▶ Dataset excerpt
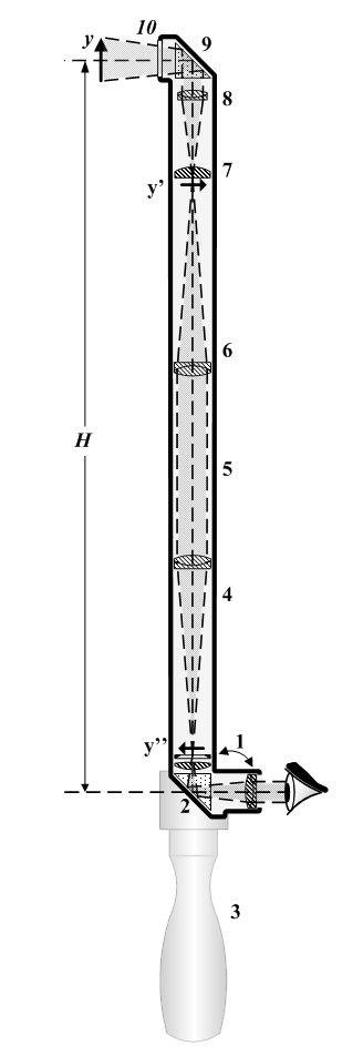 Portable handheld periscope cross section. 1 - Longer focal length Kellner eyepiece - what allows introduction of a prism between lenses. 2 - Diagonal prism. 3 - Handle 4 - 6 - Erecting lenses.[1] 5 - Periscope tube. 7 - Field lens. 8 - Objective lens. 9 - Head diagonal prism. 10 - Window. y - Distant object. y' - Real, inverted, diminished image. y" - Erect real image. H - Periscope optical height.
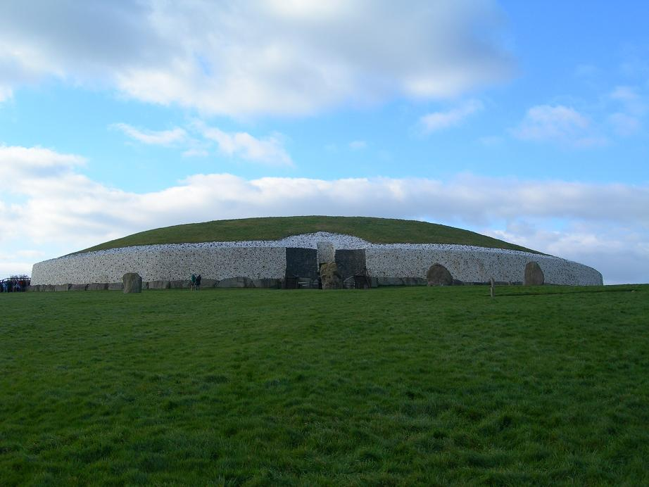 Newgrange
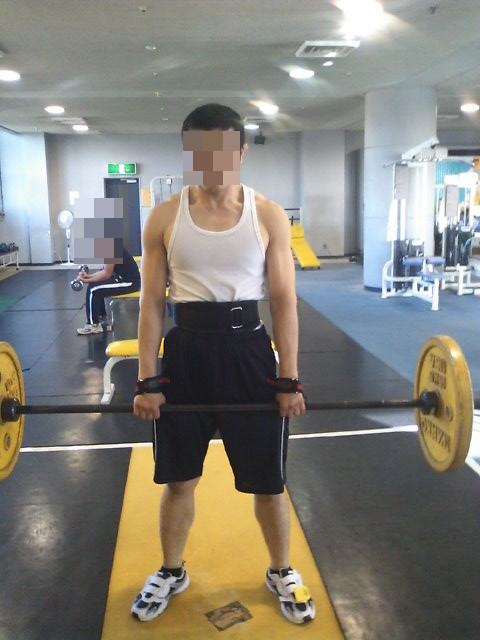 highclean
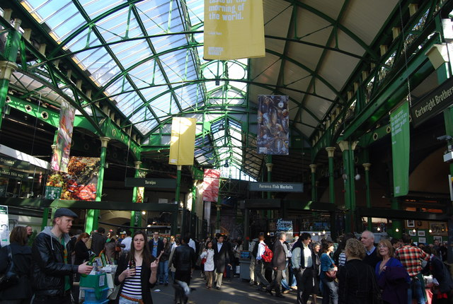 Inside Borough Market

▶ Your instructions
Apart from the pictures, every line above must be repeated exactly.

▶ Answer
 Portable handheld periscope cross section. 1 - Longer focal length Kellner eyepiece - what allows introduction of a prism between lenses. 2 - Diagonal prism. 3 - Handle 4 - 6 - Erecting lenses.[1] 5 - Periscope tube. 7 - Field lens. 8 - Objective lens. 9 - Head diagonal prism. 10 - Window. y - Distant object. y' - Real, inverted, diminished image. y" - Erect real image. H - Periscope optical height.
 Newgrange
 highclean
 Inside Borough Market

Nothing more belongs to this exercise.